● **ACTIVITY**
As the answer, give exactly the lines of the records below from the one with "Os militares utilizaram" through the one with "Der Schminktisch Melo", ends included and pictures left out.

##### DATA LISTING #####

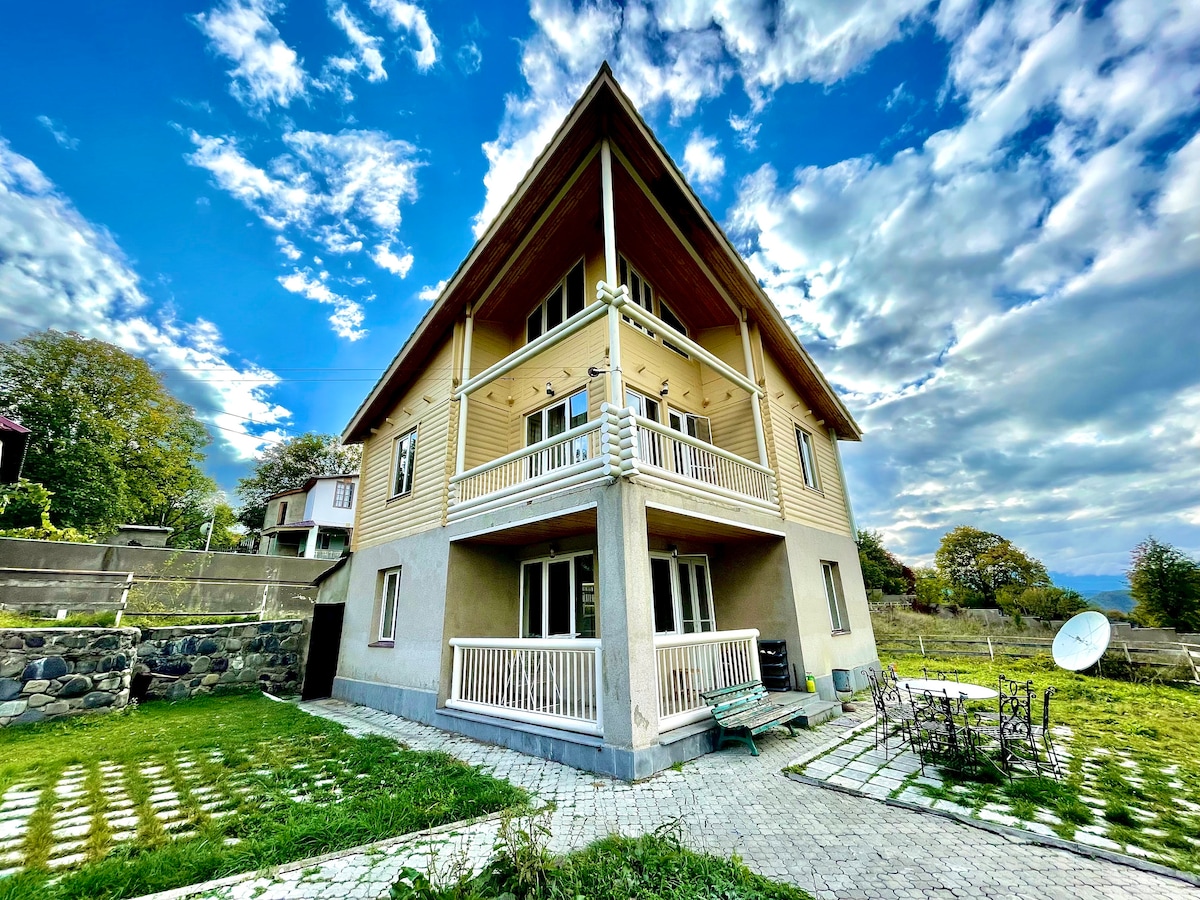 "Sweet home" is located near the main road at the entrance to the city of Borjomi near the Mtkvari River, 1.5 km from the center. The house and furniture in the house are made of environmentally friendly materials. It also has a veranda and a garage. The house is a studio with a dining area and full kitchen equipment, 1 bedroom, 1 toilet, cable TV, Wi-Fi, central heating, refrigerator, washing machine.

#####
##### DATA LISTING #####

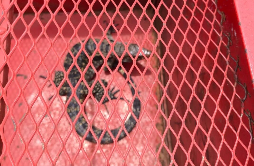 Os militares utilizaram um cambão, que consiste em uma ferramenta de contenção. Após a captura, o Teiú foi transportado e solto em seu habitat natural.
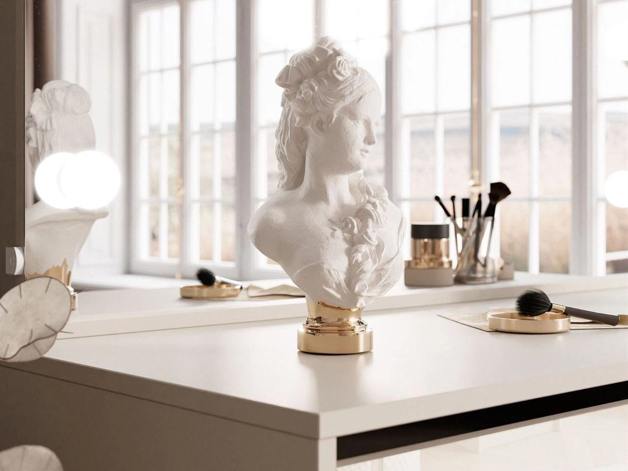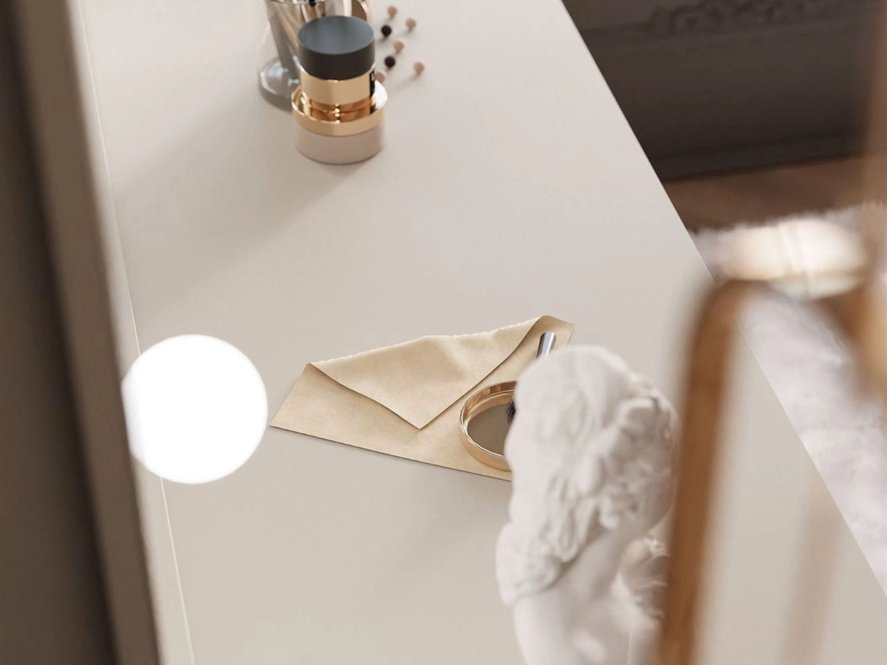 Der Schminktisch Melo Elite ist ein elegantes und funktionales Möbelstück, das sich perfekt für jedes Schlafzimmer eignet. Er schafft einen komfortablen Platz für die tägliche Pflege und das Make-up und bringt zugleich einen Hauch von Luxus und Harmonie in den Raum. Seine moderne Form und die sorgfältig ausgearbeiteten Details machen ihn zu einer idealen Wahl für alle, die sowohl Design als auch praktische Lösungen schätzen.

#####
##### DATA LISTING #####

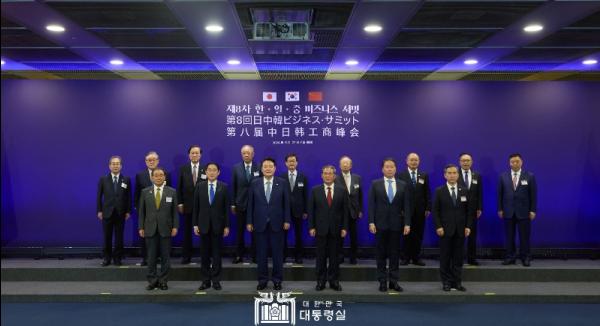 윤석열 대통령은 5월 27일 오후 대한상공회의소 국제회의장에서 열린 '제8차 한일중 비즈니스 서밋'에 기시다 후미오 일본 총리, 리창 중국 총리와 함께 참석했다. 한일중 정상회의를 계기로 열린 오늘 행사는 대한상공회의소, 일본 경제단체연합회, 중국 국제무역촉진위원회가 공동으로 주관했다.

#####

● **YOUR RESPONSE**
 Os militares utilizaram um cambão, que consiste em uma ferramenta de contenção. Após a captura, o Teiú foi transportado e solto em seu habitat natural.
 Der Schminktisch Melo Elite ist ein elegantes und funktionales Möbelstück, das sich perfekt für jedes Schlafzimmer eignet. Er schafft einen komfortablen Platz für die tägliche Pflege und das Make-up und bringt zugleich einen Hauch von Luxus und Harmonie in den Raum. Seine moderne Form und die sorgfältig ausgearbeiteten Details machen ihn zu einer idealen Wahl für alle, die sowohl Design als auch praktische Lösungen schätzen.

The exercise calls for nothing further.